(No longer in theaters)
Apr 3, 2009
Director Greg Mottola plays old songs in new keys and strikes dissonant, unsettling notes. His Superbad was a formula teen-sex comedy written by Seth Rogen and Evan Goldberg, but it came out less like American Pie than American Graffiti with a hint of Blue Velvet—the drive to get laid existing side by side with the dread of the world where that leads. (The grown-ups were scarily unhinged.) Adventureland, which Mottola wrote, is a coming-of-age picture made strange by its setting and the graceful tremulousness of its actors. It’s 1987, and the protagonist, James (Jesse Eisenberg), is stuck in a Pittsburgh suburb with his parents between college and graduate school, working game booths in a dilapidated amusement park. Still a virgin, he falls hard for Em Lewin (Kristen Stewart), who’s secretly carrying on with Connell (Ryan Reynolds), the park’s too-cool, married fix-it guy. All the characters are old enough to live on their own but are still in the rooms they had as kids (the exception, Connell, uses his mom’s basement for trysts), and they’re chafing miserably at their dependence. Adventureland (the park) offers little in the way of liberation. The creaky rides with their deafening disco music seem adventure-free.

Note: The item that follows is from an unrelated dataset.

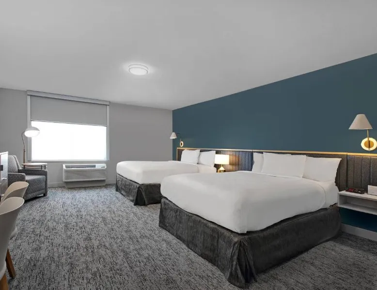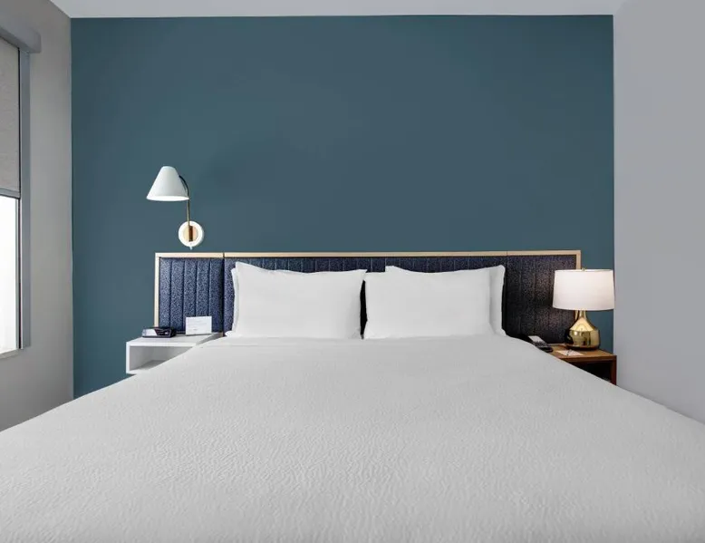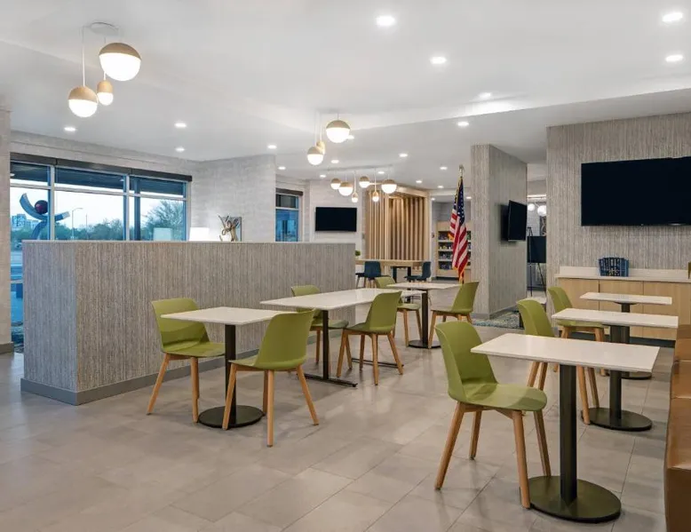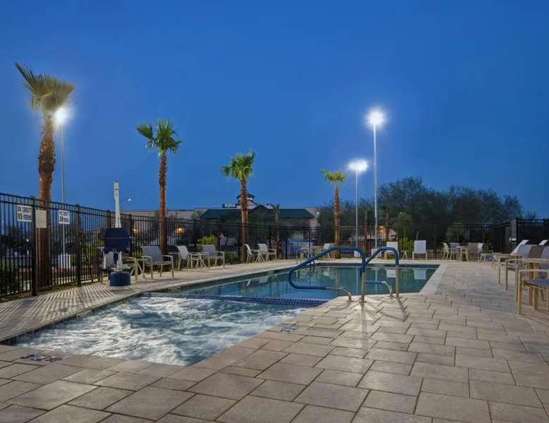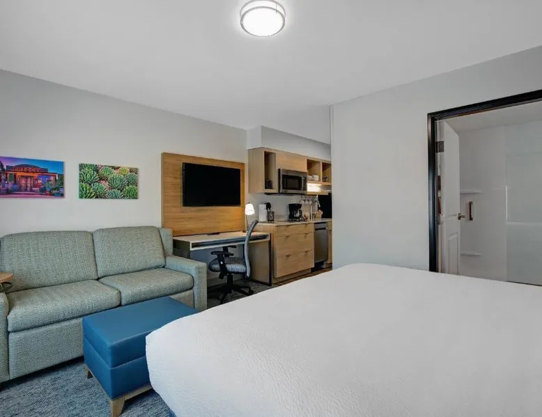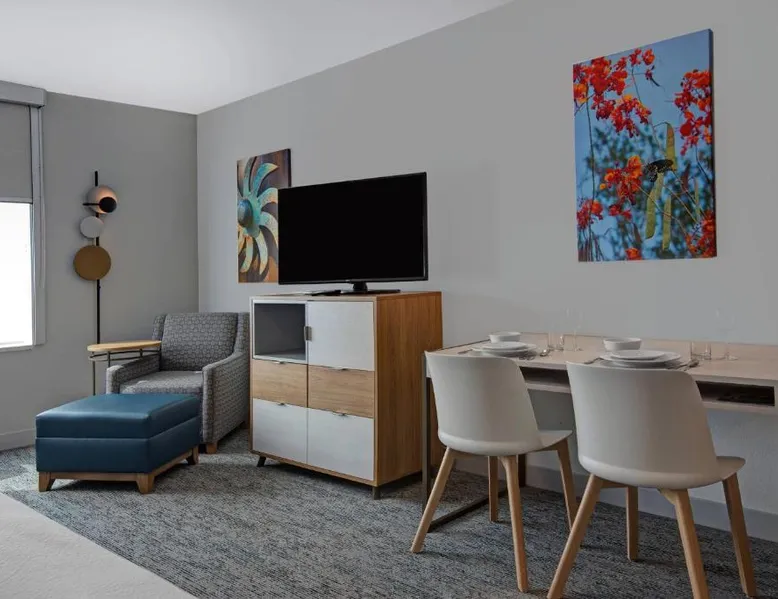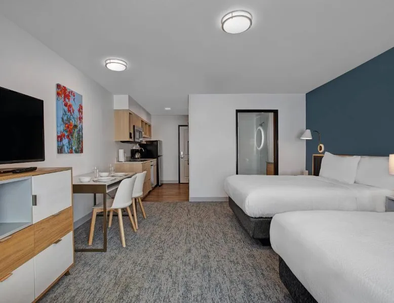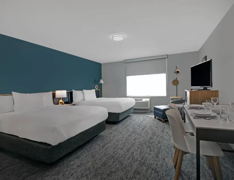 Comfortable Accommodations: TownePlace Suites by Marriott Phenix Glendale Sports & Entertainment District in Glendale offers family rooms with air-conditioning, baths, and TVs. Guests enjoy free WiFi, a fitness center, bar, and a year-round outdoor swimming pool. Convenient Facilities: The hotel features a hot tub, 24-hour front desk, electric vehicle charging station, and paid on-site parking. Additional amenities include a year-round outdoor swimming pool, fitness center, and a bar. Dining Options: An American buffet breakfast is served daily. The property also offers a bar for relaxation. Prime Location: Located 21 mi from Phenix Sky Harbor International Airport, the hotel is a 19-minute walk from State Farm Stadium and 0.7 mi from Gila River Arena. Nearby attractions include Camelback Ranch - Glendale at 3.7 mi and Glendale Public Library at 6.8 mi. Guest Satisfaction: Highly rated for room cleanliness, attentive staff, and quality breakfast. This double room provides air conditioning and a flat-screen TV. The unit offers 2 beds.

Adventureland isn’t funereal, though—it’s light on its unhappy feet. Eisenberg has been playing arrested heroes for a while, and he’s canny enough never to let you catch him drooping. His face is a fount of uncertainty between a helmet of curly hair and a big Adam’s apple; his skinny frame lists from side to side as if he’s unable to muster the will to show gravity who’s boss; he has to contort to conceal his erections. What makes James so fascinating (and dismaying) is his compulsive blabbing; there’s nothing too personal he won’t say with the least bit of prodding. Or no prodding. It all gushes out—his virginity, his crushes, his heartbreaks. The scenes in which he breathlessly confides in the older Connell about his dates with Em make you cringe, because his words make Connell want Em more. (The advice Connell dispenses is meant to sabotage him.) The only mystery about James is that women find him attractive instead of embarrassing, ostensibly because he’s different from all the inconstant bad boys. Mottola is smart to provide a contrasting defeatist geek, Joel (Martin Starr), who cultivates a nihilistic detachment. At least James is in the world, absurdly hopeful, taking chances.

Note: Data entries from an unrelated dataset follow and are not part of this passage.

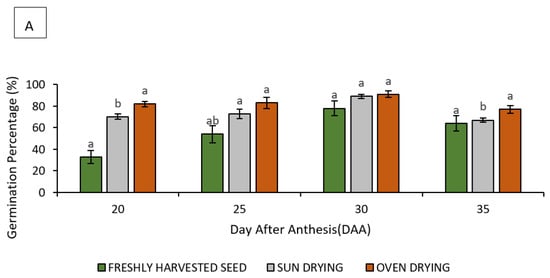 At 20 DAA, seeds were immature and had only 33% germination; however, drying using an oven improved germination to 82%. Several researchers have reported that drying, particularly slow drying, can enhance the ability to tolerate desiccation and improve germination [17,31]. The improvement in germination is due to the improvement of the cell membrane integrity.
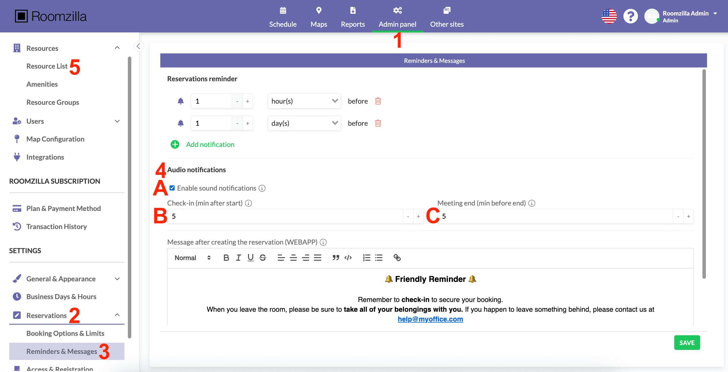 1. Start by heading to the Admin panel [1] > scroll down to Settings: Reservations [2] > Reminders & Messages [3], where you will see options for Audio notifications [4]:
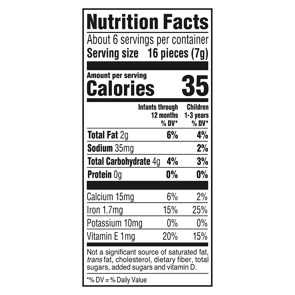 - Bánh Gerber Crunchies với kết cấu giòn tan, kích thích vị giác bé khám phá thế giới ẩm thực. Hương vị tự nhiên, không chứa chất tạo ngọt và hương liệu an toàn cho sức khỏe của bé. Thành phần
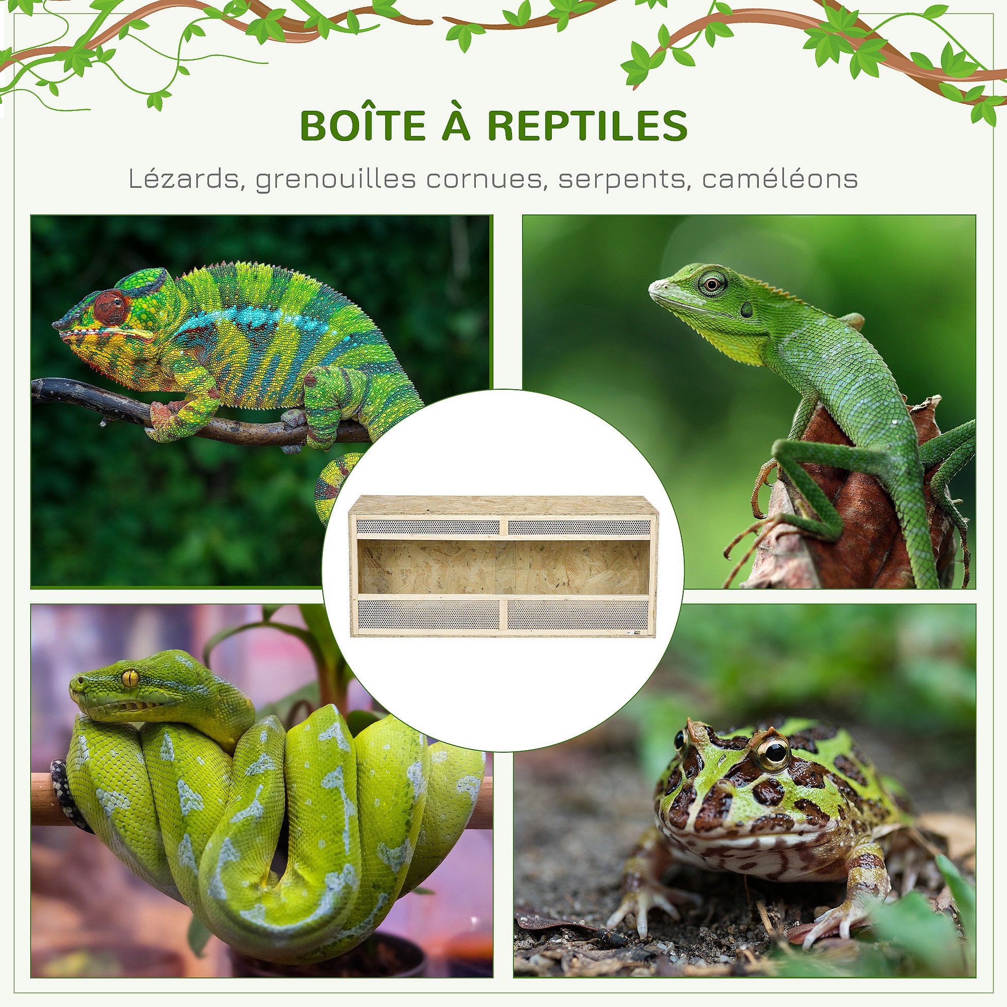 Terrarium - vivarium reptiles - 2 portes coulissantes verre trempé - parois frontales maillées - métal OSB
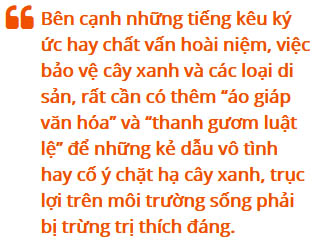 Bên cạnh những tiếng kêu ký ức hay chất vấn hoài niệm, việc bảo vệ cây xanh và các loại di sản, rất cần có thêm “áo giáp văn hóa” và “thanh gươm luật lệ” để những kẻ dẫu vô tình hay cố ý chặt hạ cây xanh, trục lợi trên môi trường sống phải bị trừng trị thích đáng.

Adventureland isn’t just a boys’ life. Many scenes incorporate Em’s perspective, and Kristen Stewart (late of Twilight) seems more alive than she did opposite the vampire hunk with the tall forehead. She doesn’t over-diagram Em’s emotions; her murk is vivid. It’s too bad Mottola writes the adult parts so on-the-nose: It’s one thing for Em to describe her stepmother as a “status-obsessed witch,” another to have the actress telegraph that description in every line. And it’s a letdown when the movie doesn’t do more with SNL’s loony minimalists Bill Hader and Kristen Wiig as the park’s owners. (See Wiig in Ghost Town to appreciate how uproarious a teeny-weeniest of inflections can be.)
But Adventureland hits home—at least my home. Mottola pumps up the soundtrack with music—The Replacements, Hüsker Dü—I listen to when I want that old eighties feeling. I actually have a James-like impulse to blab about my identification with the movie’s needy, overintellectualizing hero: I could feel in my bones his self-disgust as he lay on his bed in his parents’ house, alienated from their values and lifestyle yet comfortable, too. (He doesn’t have to pay rent.) What makes the movie such an unexpectedly potent little number is that Adventureland comes to stand for Stagnationland; the real roller coaster (i.e., life) is just outside the park.